Rat proximal tubular cells were exposed to either high glucose (HG; 25 mmol/l) or normal glucose (NG; 5 mmol/l) for the indicated time periods. A: Microsomes were isolated from rat proximal tubular epithelial cells. Representative western blots showing the expression of CYP4A. GAPDH was included as a control for loading and the specificity of change in protein expression. The histograms show quantitation of the results from three independent experiments (n = 3). *P<0.05, high glucose vs. control. B: Histograms representing 20-HETE formation measured in rat proximal tubular epithelial cells using 20-HETE ELISA kit. The histograms show quantitation of the results from three independent experiments (n = 3). *P<0.05, high glucose vs. control. C: Microsomes were isolated from rat proximal tubular epithelial cells. Representative western blots showing the expression of CYP2C11. GAPDH was included as a control for loading and the specificity of change in protein expression. The histograms show quantitation of the results from three independent experiments (n = 3). *P<0.05, high glucose vs. control. D: Histograms representing 14,15-EETs formation measured in rat proximal tubular epithelial cells using 14,15-EETS/DiHETE ELISA kit. The histograms show quantitation of the results from three independent experiments (n = 3). *P<0.05, high glucose vs. control.

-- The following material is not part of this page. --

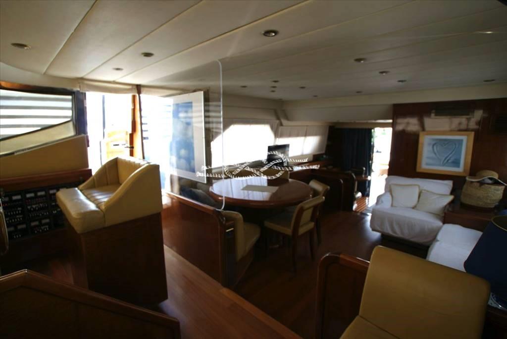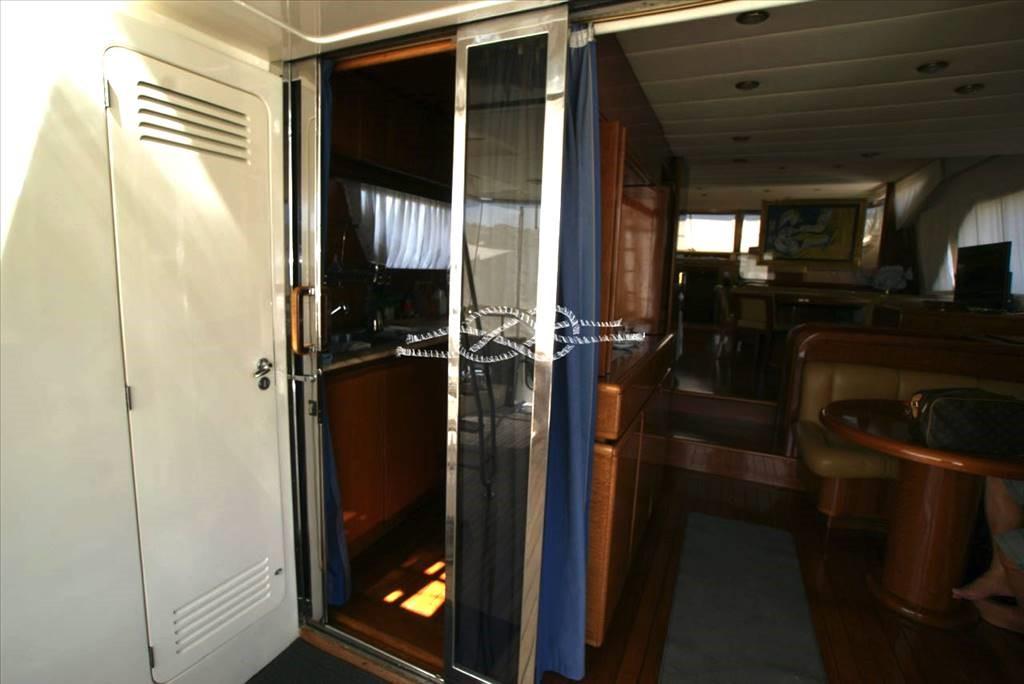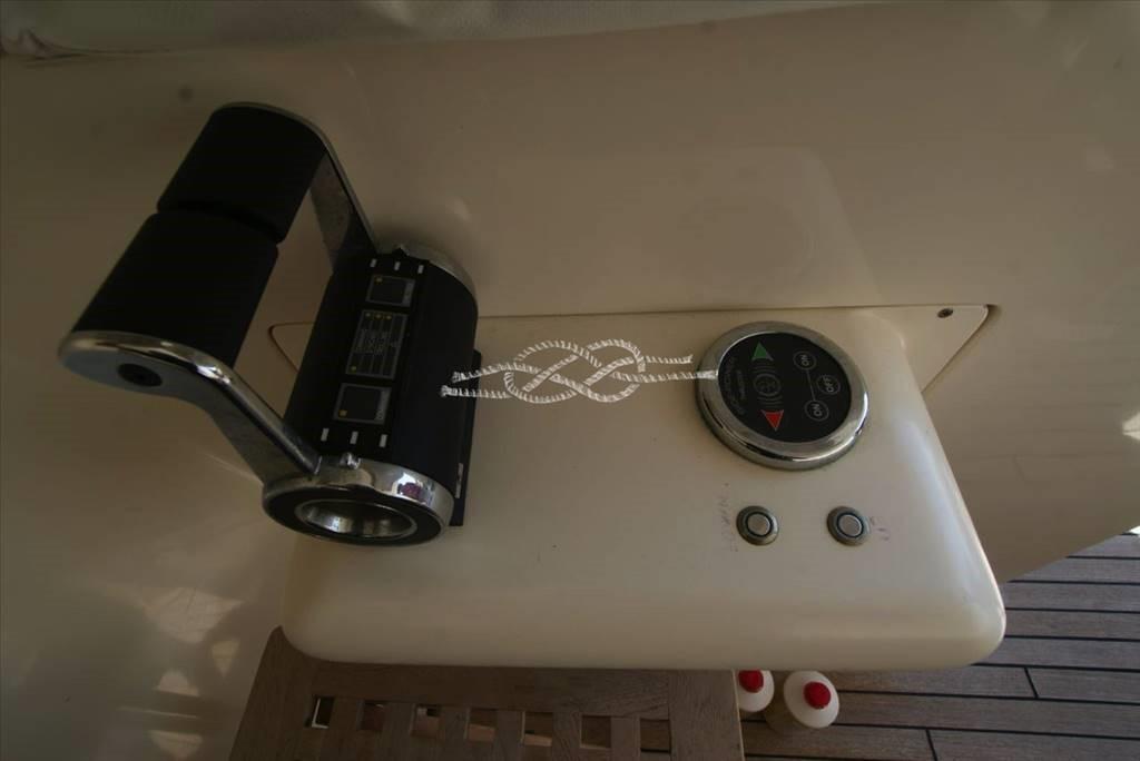 Troisième poste de contrôle à la poupe - propulseur d’avant Vetus - panneau électronique Boening pour vérifier les réservoirs d’eau, carburant, eau noire et eaux grises - caméra de vision de la salle des machines - climatisation - Distributeur d’eau Marinco - groupe électrogène Kohler 17 kW et Onan 12 kW - tender avec Suzuki 40 ch hors-bord - passerelle électrohydraulique Morsaverio - grue mouche Morsaverio - machine à laver - toilettes à eau douce Tecma - 1 réfrigérateur et 2 congélateurs dans la salle des machines - cuisine avec Réfrigérateur, four congélateur et fournecôte à gaz 4 brûleurs - placard avec double réfrigérateur/machine à glaçons, évier et plaque électrique à deux brûleurs en vol - TV - antenne SAT Seatel - décodeur SAT.

https://doi.org/10.1371/journal.pone.0070029.g002

20-HETE Generated by CYP4A Mediates the Effect of HG on Tubulointerstitial Changes and Tubular Injury

We next determined whether CYP4A-derived 20-HETE mediates the effect of HG on ROS generation, matrix protein accumulation and hypertrophy in rat proximal tubular cells. DCF fluorescence was used to measure ROS in cells exposed to HG, in the absence or presence of HET0016. The increase in ROS generation induced by HG was inhibited by HET0016 treatment at 6 h and 48 h (Fig. 3A). These data indicate that 20-HETE mediated the effect of HG on ROS production. We next show that the redox pathway implicating CYP4A-dependent generation of 20-HETE mediates the effect of HG-induced tubulointerstitial changes and tubular hypertrophy. Data in Fig. 3B and 3C show that HG induced CYP4A protein expression and 20-HETE formation was attenuated by HET0016 treatment at 6 h and 48 h of HG exposure. In parallel, HET0016 reverse the effect of HG-induced fibronectin and collagen IV protein expression (Fig. 3B and 3C) and inhibits hypertrophy (Fig. 3E). Our findings indicate that the increased CYP4A expression/20-HETE formation induce ROS generation and result in tubulointerstitial changes and tubular hypertrophy.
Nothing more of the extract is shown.